On 6 Nov 02 at 23:09, Petr Vandrovec wrote:
>
> I'm getting really nervous :-( Is kdb able to track who caused unbalanced
> in_atomic() incrementation?
>
> After more than week of stable system I run simple
> "arp vanicka.vc.cvut.cz" few minutes ago, and after arp output I got
> sleeping function called from illegal context, quickly followed by two
> scheduling while atomic, and finally it died because of userspace faults
> when in_atomic() is != 0 are treated as kernel ones...
>
> As I saw nobody else reporting this or simillar problem, I'll start
> looking at e100 driver I use. Maybe it did not occured because of I
> was running -acX kernels since 25th Oct until yesterday. Anybody knows?
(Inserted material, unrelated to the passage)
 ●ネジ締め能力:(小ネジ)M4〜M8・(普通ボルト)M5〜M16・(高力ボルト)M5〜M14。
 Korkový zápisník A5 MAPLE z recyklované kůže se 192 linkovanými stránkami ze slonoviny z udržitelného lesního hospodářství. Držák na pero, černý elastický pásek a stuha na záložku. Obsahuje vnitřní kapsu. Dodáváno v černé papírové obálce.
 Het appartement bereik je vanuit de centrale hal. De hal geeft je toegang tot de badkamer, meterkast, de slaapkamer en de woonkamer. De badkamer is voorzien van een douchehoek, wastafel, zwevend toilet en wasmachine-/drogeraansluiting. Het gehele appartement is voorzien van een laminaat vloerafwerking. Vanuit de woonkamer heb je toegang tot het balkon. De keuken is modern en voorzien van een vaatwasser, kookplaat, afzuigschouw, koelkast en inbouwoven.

-acX use special stack for hardware IRQs, and preempt_count() is
copied only from task -> hwirq, not other way around (because of it
assumes that preempt_count() is same on exit as it was on enter...).
That's probably reason why -acX was working for me almost two weeks,
but as soon as I returned back to non-ac, it died.
Petr Vandrovec
[email protected]


2002-11-07 00:37:30

by Roger Larsson

[permalink] [raw]
Subject: Preempt count check when leaving IRQ? (Was: Re: 2.5.44 (now 2.5.46-c929): Strange oopses triggered by .)
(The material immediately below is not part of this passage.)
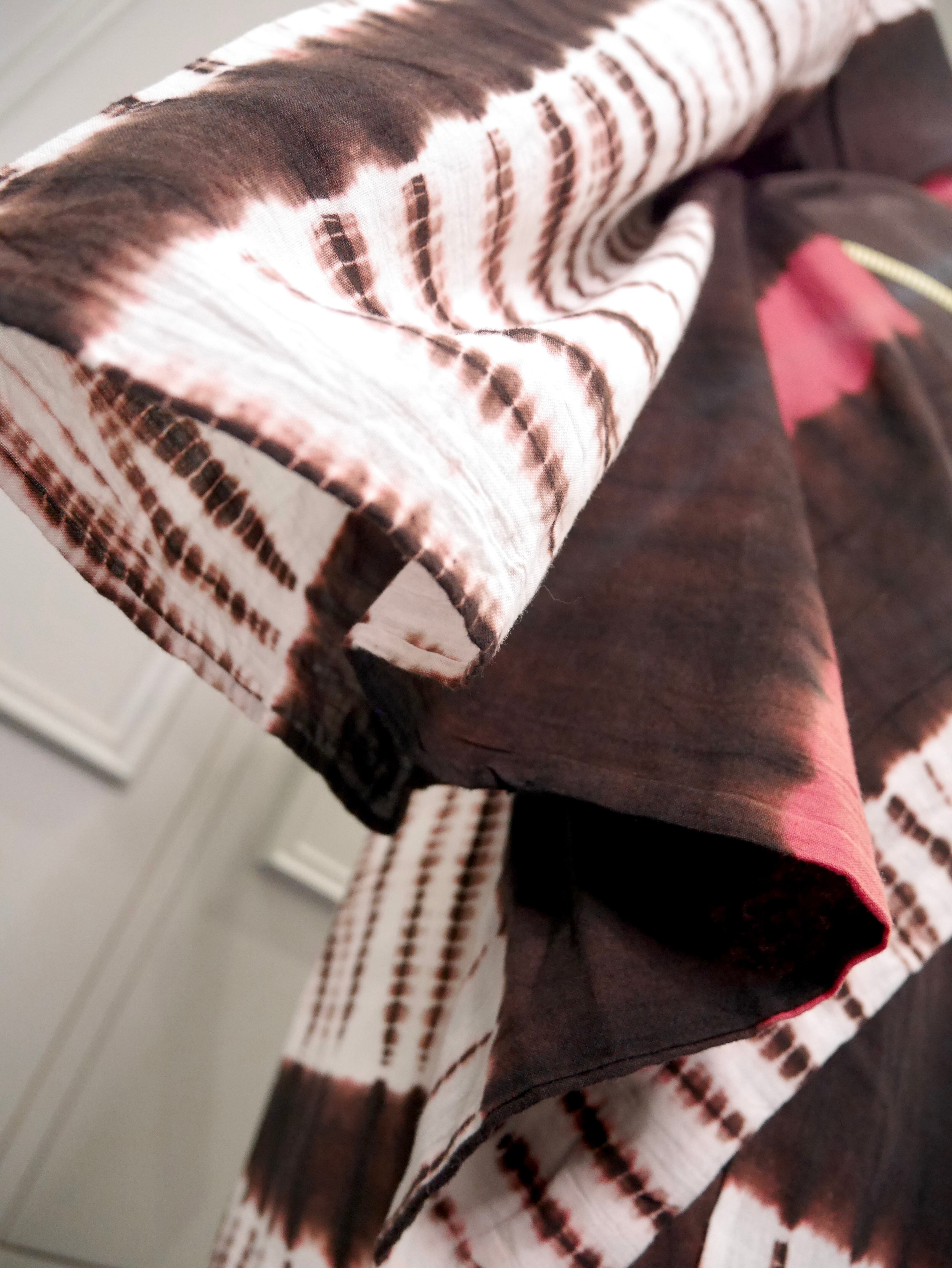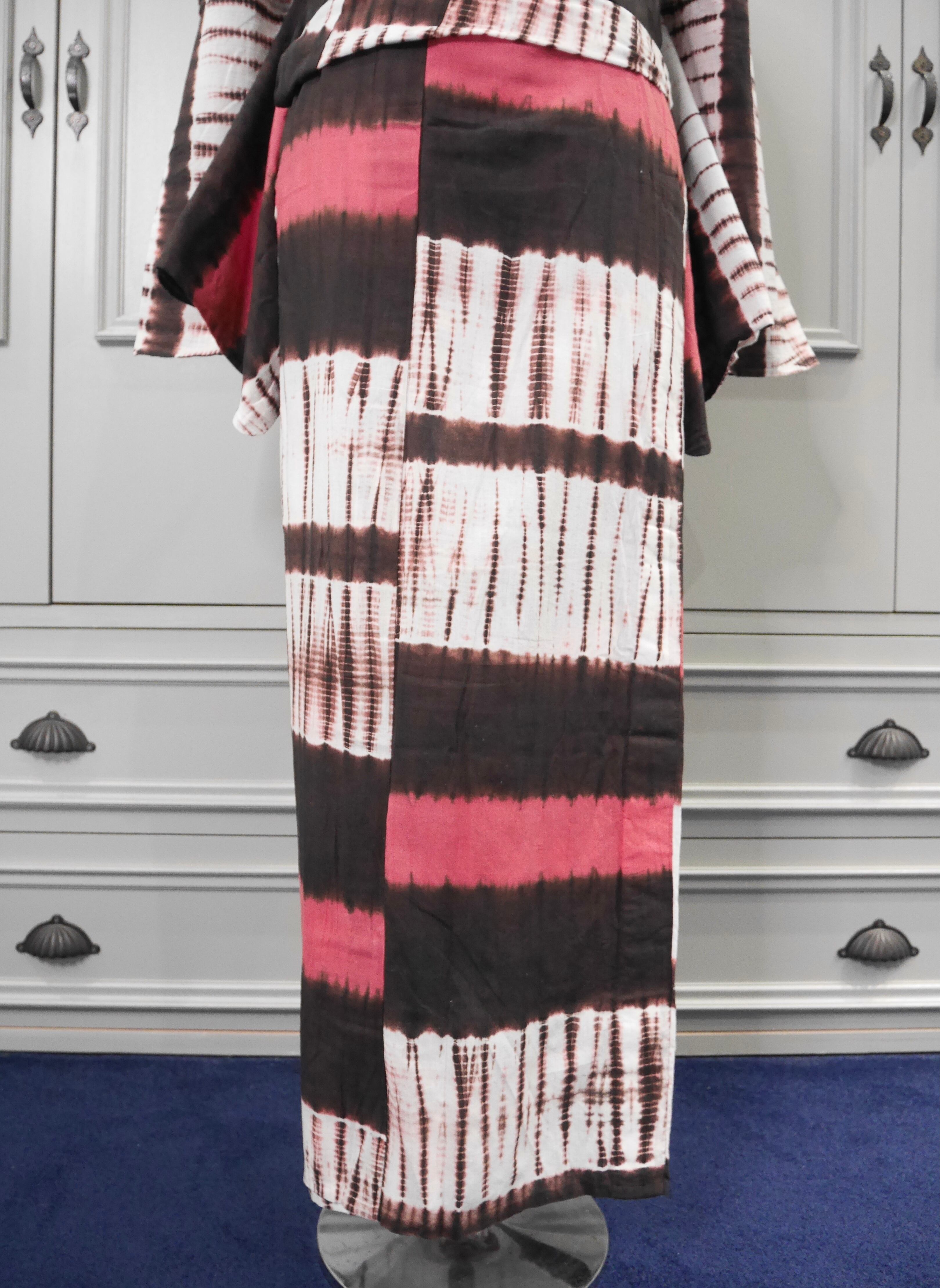 ダークブラウン×ホワイト×ピンク系の組み合わせがオシャレな有松鳴海絞り浴衣です!

On Wednesday 06 November 2002 22.49, Petr Vandrovec wrote:
> On 6 Nov 02 at 23:09, Petr Vandrovec wrote:
> >
> > I'm getting really nervous :-( Is kdb able to track who caused unbalanced
> > in_atomic() incrementation?
> >
> > After more than week of stable system I run simple
> > "arp vanicka.vc.cvut.cz" few minutes ago, and after arp output I got
> > sleeping function called from illegal context, quickly followed by two
> > scheduling while atomic, and finally it died because of userspace faults
> > when in_atomic() is != 0 are treated as kernel ones...
> >
> > As I saw nobody else reporting this or simillar problem, I'll start
> > looking at e100 driver I use. Maybe it did not occured because of I
> > was running -acX kernels since 25th Oct until yesterday. Anybody knows?
>
> -acX use special stack for hardware IRQs, and preempt_count() is
> copied only from task -> hwirq, not other way around (because of it
> assumes that preempt_count() is same on exit as it was on enter...).
> That's probably reason why -acX was working for me almost two weeks,
> but as soon as I returned back to non-ac, it died.
> Petr Vandrovec
> [email protected]
>

This is another CHECK to do then.

Make a copy of preempt count when entering an IRQ.
Check that we have the same value when leaving.
(using -acX we only have to add the check when leaving)

/RogerL

--
Roger Larsson
Skellefte?
Sweden